This editorial aims to shed light on the spectrum of neurological symptoms experienced by patients, explore the potential mechanisms behind these manifestations, and discuss the long-term implications for individuals and healthcare systems. Understanding these neurological effects is crucial for providing comprehensive care to those affected and preparing healthcare systems and societies for these challenges and future pandemics.

Neurological symptoms can manifest not only in individuals with severe COVID-19 but also in mild cases.
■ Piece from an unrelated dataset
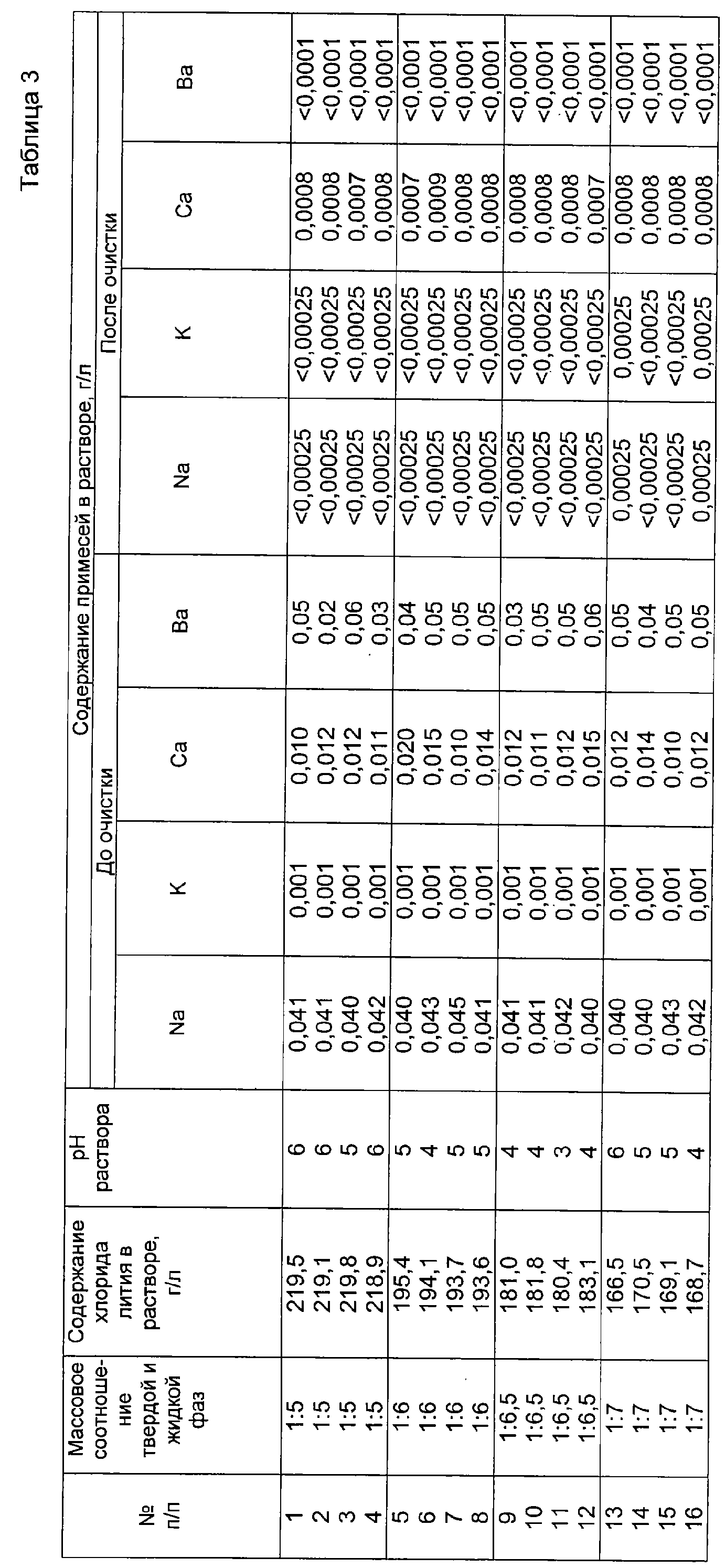 Результаты процесса при различных режимах приведены в таблице 3. Таким образом, использование изобретения позволяет получать в непрерывном режиме из технического карбоната лития высококачественный хлорид лития, пригодный для дальнейшего получения из него лития металлического батарейного сорта.

These manifestations vary from relatively mild symptoms such as anosmia, ageusia, and headaches, which are often holocranial, hemicranial, or occipital, pressing, to a myriad of severe central and peripheral nervous system complications such as impairment of consciousness, Guillain-Barré syndrome and its variants, movement disorders, spinal cord involvement, acute disseminated encephalomyelitis, neuromyelitis optica spectrum disorder, ischemic and hemorrhagic stroke, including cerebral venous thrombosis, posterior reversible encephalopathy syndrome, seizure, and encephalopathy among others.1–13

According to a study published in the JAMA Netw Open that included more than 3700 adults hospitalized with clinically diagnosed or laboratory-confirmed COVID-19 at 28 centers representing 13 countries and four continents, 82% had any neurological manifestation (self-reported neurological symptoms and/or clinically captured neurological sign and/or syndrome), which were associated with higher in-hospital mortality.13 The most common self-reported symptoms included headache (37%) and anosmia or ageusia (26%).13 The most prevalent neurological signs and/or syndromes were acute encephalopathy (49%), coma (17%), and stroke (6%), while meningitis and/or encephalitis were infrequent (0.5%).13 The presence of clinically captured neurologic signs and/or syndromes was associated with an increased risk of in-hospital death. Of interest was that the presence of preexisting neurological disorders was associated with an increased risk of developing neurological signs and/or syndromes with COVID-19.13

These figures underscore the importance of recognizing and addressing neurological manifestations of COVID-19, not only in the acute phase but also long after the acute phase of the infection. They also highlight the need for further research into understanding the mechanisms behind these symptoms, their long-term implications, and the development of effective treatment strategies to manage these neurological effects in patients.

While diverse and complex, the neurological manifestations of COVID-19 are thought to arise from several potential mechanisms through which the virus impacts the nervous system. Understanding these mechanisms is crucial for developing targeted treatments and supporting recovery in affected patients.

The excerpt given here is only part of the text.